You see, I was lazy. At least that’s how she saw me. She had married me because she saw someone who could give her a life of luxury. All I wanted was to work on cars. She finally badgered me into enrolling in college. Getting into Colorado University was no challenge. I was smart enough, and school had always been a breeze. The problem was my lack of interest. Like I said, I wanted only to work on cars and build hot rods. I had been reading car magazines since I was 11 years old, and attended my first drag race in 1954, with my father.

She hated the idea of being married to a “grease monkey”; thus I found myself again in college with no real desire to be there. In order to afford college, I worked as a horse trainer on an Arabian ranch north of town. We lived in a little house on the ranch, where I worked 5 or 6 hours a day and weekends in addition to attending college.

It was not an idyllic time, but we managed.
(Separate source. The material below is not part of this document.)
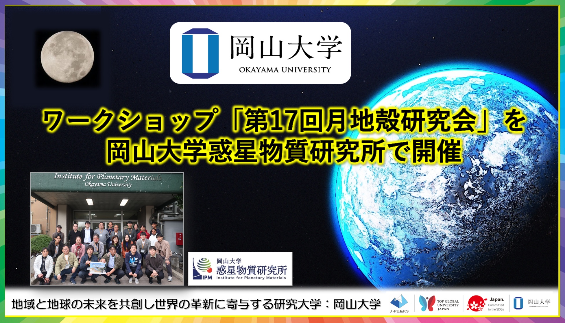 【岡山大学】ワークショップ「第17回月地殻研究会」を岡山大学惑星物質研究所で開催

By January, 1966, we were far enough behind so that I had to drop out of college for a semester and work as a concrete form builder. I made good money and liked the work, but another fly flew into the ointment. As soon as I dropped out, the draft board was notified and I got my second draft notice.

Thus I faced a dilemma. I decided that being an army officer wouldn’t be such a bad idea. I went to see my recruiter and after taking a battery of tests, signed up with OCS in mind.

After the red Hat party, Toni headed back to California and I went on to graduate and become an Army lieutenant.